2. Stolen Mob Cranks: The Stolen Mob cranks are 3-pc tubular cranks made from heat-treated chromoly with a single pinch bolt in each arm, 19mm 8-spline chromoly spindle and 2 flush mount spindle bolts for a cleaner look.

3. Stolen Cartwheel Sprocket 28t: The Stolen Cartwheel sprocket is forged and then CNC machined from 5mm thick 6061 aluminum, featuring an aggressive appearance with multiple cutouts to reduce weight, offset 1/8" teeth to improve chain alignment, and 2 sprocket bolt positions to extended sprocket life.

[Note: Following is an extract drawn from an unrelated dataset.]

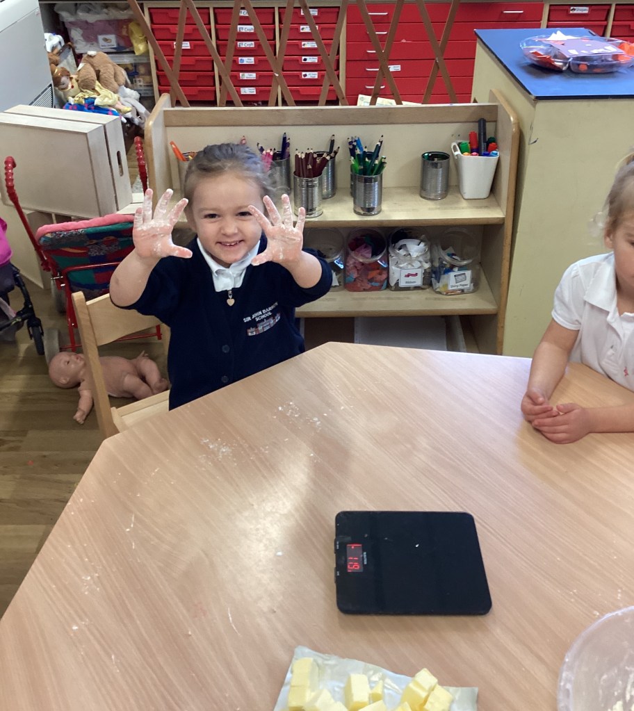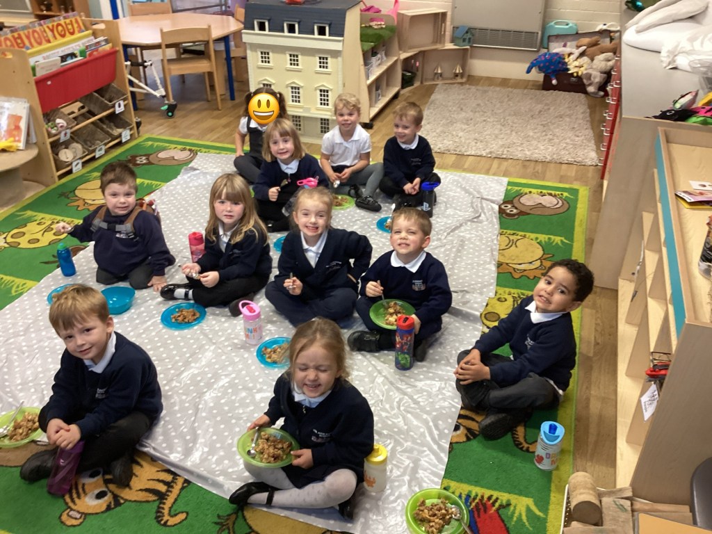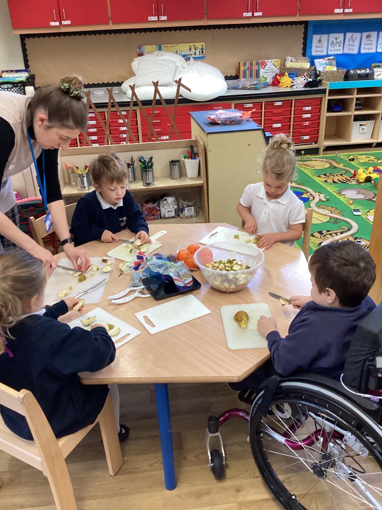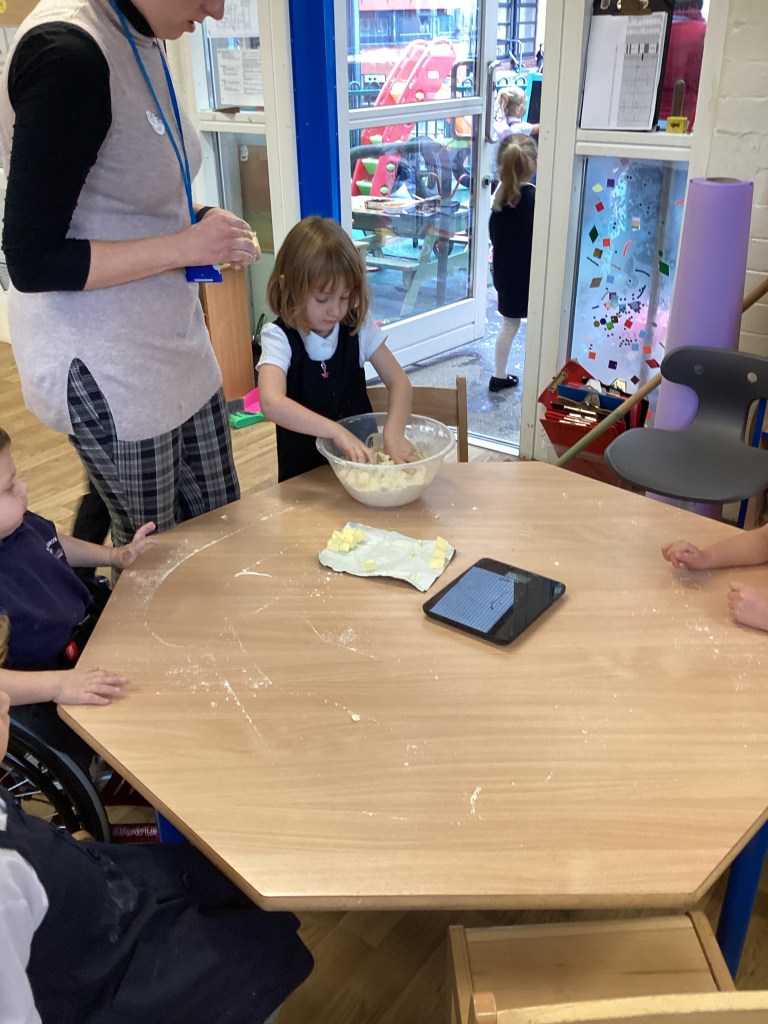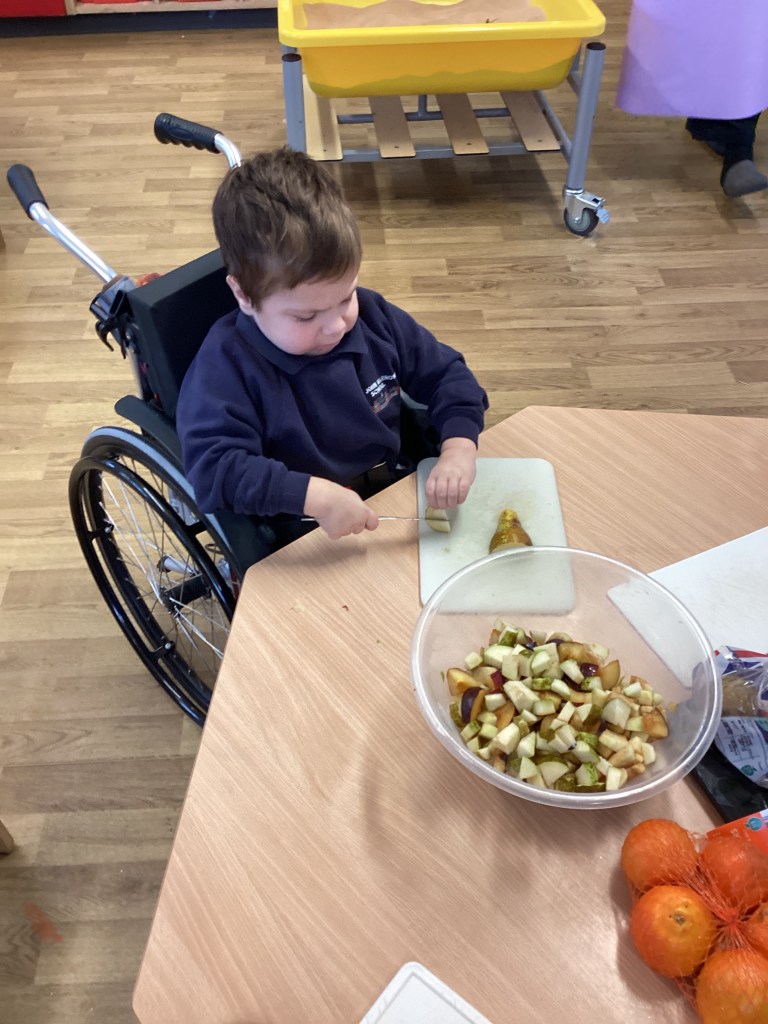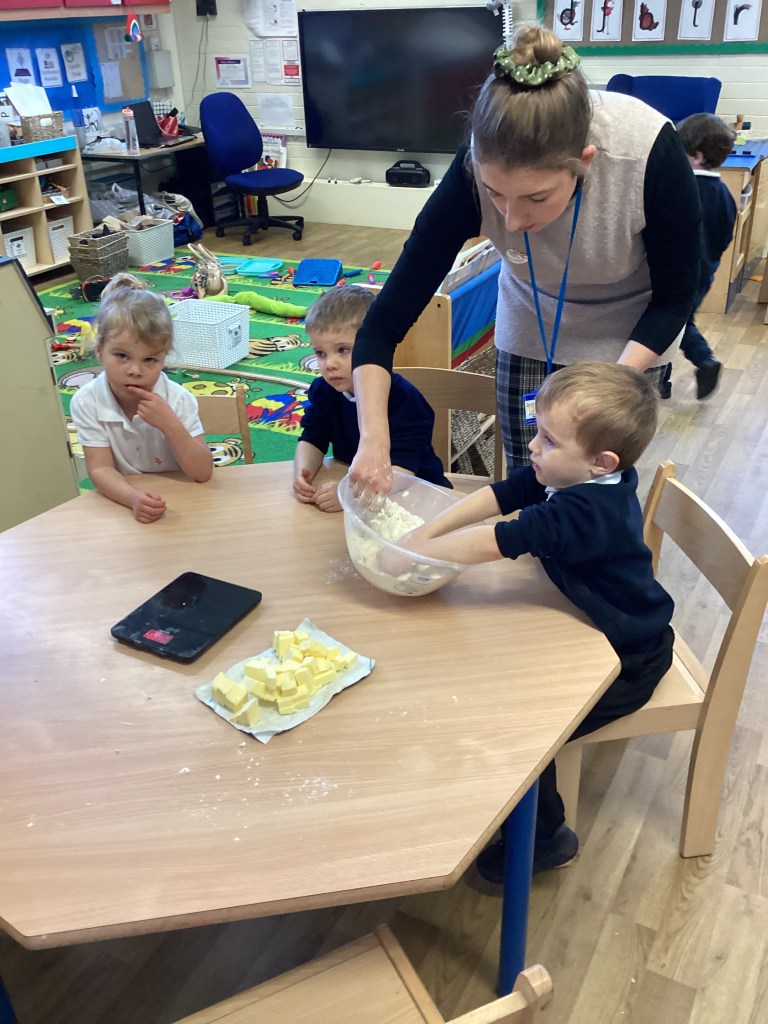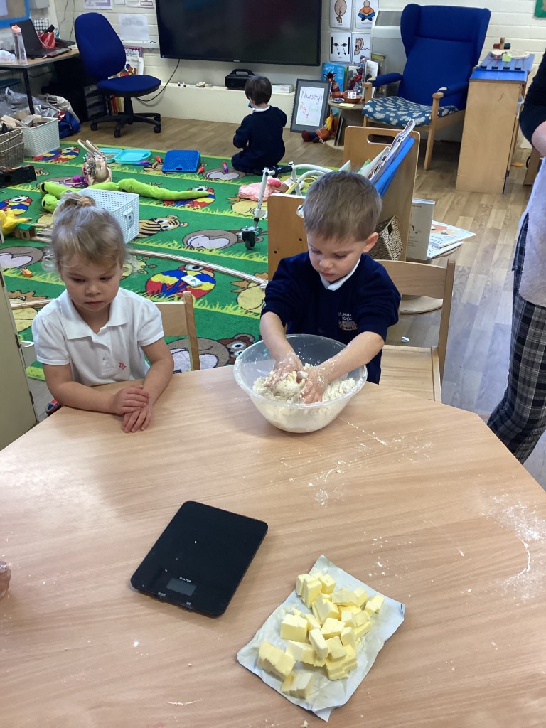 In the week leading up to half term, Nursery enjoyed making Gruffalo crumble. We started by peeling and chopping the fruit. Then we weighed the flour, sugar and butter to make the crumble. The delicious smell that came from the oven made our tummies rumble all morning.

Is this all I need for a complete crankset?


----------



## Jasone510 (Oct 28, 2008)

Nm, I'm going throw some Zee cranks on it. I've also decided on Azonic outlaws for the wheels. What's the thought on stem length, stem rise, handlebar width and rise?


Sent from my iPad using Tapatalk


----------



## Jasone510 (Oct 28, 2008)

Here's my build list:

2014 Octane One Void 3.0 Frame
X-Fusion Velvet RL2 - set at 100mm
Octane One Warp 1 Integrated Headset, 1-1/8" (black)
Shimano Zee M640 crankset (comes with 36t)
Shimano Zee M640 34t chainring
DMR single speed spacer kit 16t
Azonic Outlaw 26" wheelset
Santa Cruz Palmdale lock on grips (light blue)
Octane One pivotol seat 2014
Pivotal seat post
Spank Spoon 762 mountain handlebar, 40mm rise, 31.8mm (grey)
Spank Spoon MTN stem - 40mm Length, 31.8 (black)

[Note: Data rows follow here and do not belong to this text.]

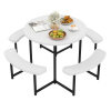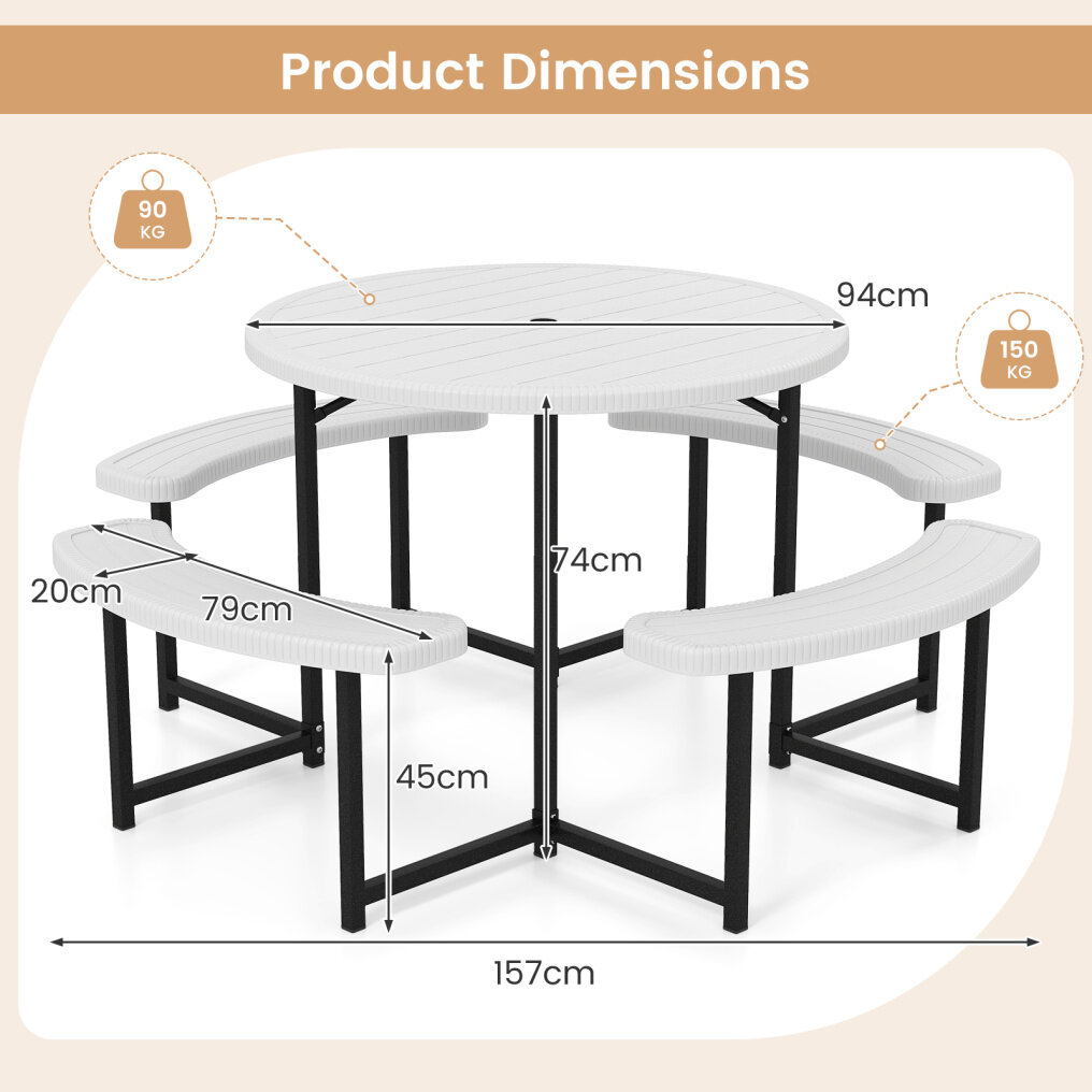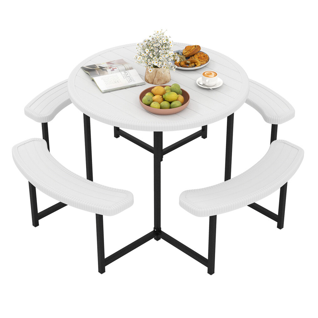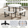 ● 4-8 People Outdoor Dining Set: The 37" round picnic table comes with 4 curved seats for 4-8 people. Furthermore, one seat can be removed to facilitate wheelchair accessibility. Whether hosting a barbecue or enjoying a cozy outdoor meal, the picnic table is the perfect centerpiece for your gatherings.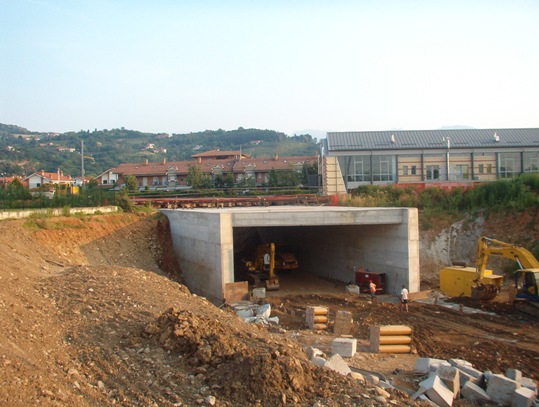 Launching operation of a railway underpass in Pinerolo (Turin) for Olimpia 2006 scarl (Torino Scavi/Manzone spa)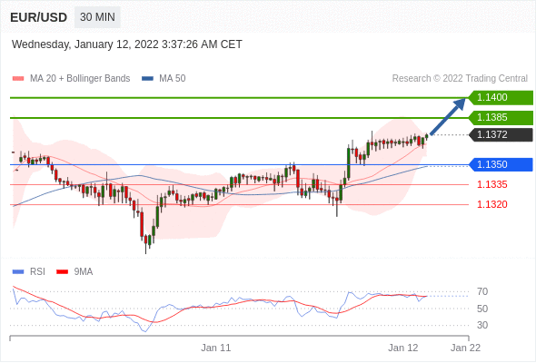 Long positions above 1.1350 with targets at 1.1385 & 1.1400 in extension.

Thanks for all the help, LOL. Any feedback would help out a lot, this is my first dirt jump bike so I'm sure my component selection probably isn't the greatest.


----------



## noosa2 (May 20, 2004)

The outlaws are good value for money. I love my x-fusion trace forks so if I ever get round to building a dedicated dirt jumper I'll probably go with a velvet fork.
Post up some pics.


----------



## Jasone510 (Oct 28, 2008)

noosa2 said:


> The outlaws are good value for money. I love my x-fusion trace forks so if I very get round to building a dedicated dirt jumper I'll probably go with a velvet fork.
> Post up some pics.


I only have the fork right now, frame is on the way. The rest has yet to be ordered. Here is the color scheme I'm going for:


----------



## Doc D (Nov 16, 2006)

Can't wait to see it built up, my cousin just ordered a Void frame, ridiculous deal from CRC.


----------



## azorr (Jul 9, 2012)

Sounds like a sweet build!


----------



## Jasone510 (Oct 28, 2008)

Waiting on a few more parts. I cannot wait to put it together


----------



## Jasone510 (Oct 28, 2008)

All done. Just waiting on my redline chain tugs...


----------



## azorr (Jul 9, 2012)

Jasone510 said:


> All done. Just waiting on my redline chain tugs...
> 
> View attachment 984482
> 
> ...


Nice!


----------